They are not
allowed to repair them, but must send them in to get them changed for
others when useless. The Durbar knows that if they allow the local
officers to charge for the repair of guns, heavy charges will be
made, and no gun ever repaired; and the local officers know that if
they send in a gun to be repaired at Lucknow, they will get in
exchange one _painted_ to look well, but so flimsily done up that it
will go to pieces the first or second time it is fired.

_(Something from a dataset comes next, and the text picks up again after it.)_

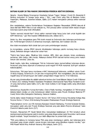 SATGAS KLAIM 20 TKA MASUK INDONESIA PEKERJA SEKTOR ESENSIAL

Captain Barlow's corps is a good one, and the men are finer than any
that I have seen in our own infantry regiments, though they get only
five rupees a-month each, while ours get seven. They prefer this rate
under European officers in the Oude service, to the seven rupees a-
month which sipahees get in ours, though they have no pension
establishment or extra allowance while marching. They feel sure that
their European commandants will secure them their pay sooner or
later; they escape many of the harassing duties to which our sipahees
are liable; they have leave to visit their homes one month in twelve;
they never have to march out of Oude to distant stations, situated in
bad climates; they get fuel and fodder, and often food, for nothing;
their baggage is always carried for them at the public cost. But to
secure them their pay, arms, accoutrements, clothing, &c., the
commandant must be always about the Court himself, or have an
_ambassador_ of some influence there at great cost.